Todas as letras do álbum são inspiradas em histórias que me foram contadas sobre este lugar e a minha percepção dele. Eu queria de alguma forma transportar para as letras a atmosfera que essas histórias criam e é por isso que elas são tão abstractas e estão tão fragmentadas. As letras são sempre muito importantes para mim, mas não quero que elas dominem a paisagem em demasia. Gosto de manter as coisas simples de forma a que as imagens evocadas sejam igualmente criadas por sons e palavras.

A “Come wander with me” é uma música muito especial e de todas as versões que alguma vez ouvi, a tua consegue criar uma aura que lhe confere um sentimento e uma grandiosidade difíceis de igualar. Como surgiu a ideia de fazer uma versão dessa música? O que representa para ti?

Um amigo enviou-me essa música e adorei-a. Comecei por fazer uma versão mais pequena em forma de balada, mas ela acabou por crescer de forma diferente. Vejo esta música tanto como uma sedução como um desapontamento ou medo de nos perdermos para um mundo que desejamos. Há uma parte sobre desejar e sonhar e depois há outra parte cheia de frustrações pelas limitações físicas e emocionais de nós mesmos.

Anna-Von-Hausswolff

Vi há pouco tempo um vídeo arrepiante da Evocation no concerto do Orgelkraft Festival e vi que durante o concerto há sempre trocas de sinais entre a ti e o resto da banda para entradas certas. Como funcionam como banda? Ensaiam em conjunto regularmente? Qual é a sensação de tocar numa igreja e num orgão de igreja versus tocar numa sala de concertos?

Não gosto muito de ensaiar.

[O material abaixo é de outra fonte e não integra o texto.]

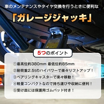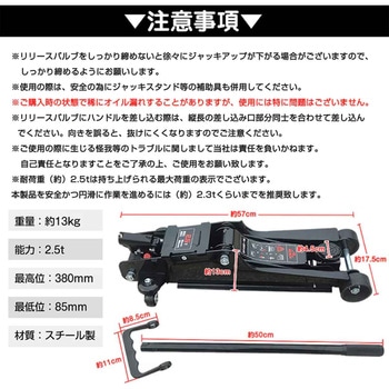 スチール製で耐久性の高い2.5tジャッキです。最低位85mm・最高位380mmまで稼働し、乗用車のジャッキアップに適したリフト範囲をカバーします。軽量ながら安定した荷重支持力を持ち、作業時の安全性にも配慮。ゴムパッドなどの付属はありませんが、基本的なメンテナンスやリフト作業を安心して行える汎用モデルです。作業工具として車載用としても活躍します。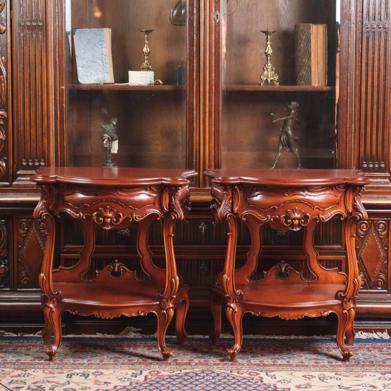 Эти парные антикварные комоды представляют собой изысканный образец мебельного искусства в духе позднего барокко и рококо, где декоративная насыщенность сочетается с гармоничной симметрией и продуманной конструкцией.

Não tenho paciência para tocar a mesma coisa uma e outra vez, gosto de tocar as músicas uma vez para que a adrenalina nunca desapareça. Gosto quando não tens a certeza absoluta de como as coisas vão correr durante um concerto. Há algumas partes nas minhas composições que estão sempre abertas ao improviso e são nessas partes que posso fazer experiências e tentar coisas novas, são essas partes que me fazem crescer como compositora.

A adrenalina que sinto ao tocar num órgão de igreja é a mesma que sinto quando toco numa sala de concertos. Aquilo que posso dizer é que tocar num órgão de tubos, com as costas voltadas para o público é uma experiência mais introvertida, enquanto que tocar numa sala de concertos e encarar o público de frente é uma experiência mais extrovertida. Não prefiro uma à outra.

Todos os anos, a Amplificasom, organizadora do Amplifest onde vais estar presente, faz um top 10 dos melhores álbuns desse ano com base na votação do público que está presente nos concertos que esta organiza. O The Miraculous fez parte do top 10 de 2015, o que prova que muita gente em Portugal votou nele como um dos melhores do ano. Tinhas ideia de ter seguidores em Portugal?

Não fazia ideia! Nunca toquei em Portugal antes, mas saber isso deixa-me super entusiasmada por ir aí e conhecer as pessoas que têm apoiado o meu trabalho.

Já tinhas ouvido falar do Amplifest? O que esperas encontrar e o que o público pode esperar da tua estreia no nosso país?

Penso que sim, que li algures sobre o festival, e tenho a certeza que cheguei a ver o alinhamento de outros anos. Espero encontrar bom vinho e pessoas felizes. E vocês podem esperar um concerto explosivo. Vou fazer a sala rebentar!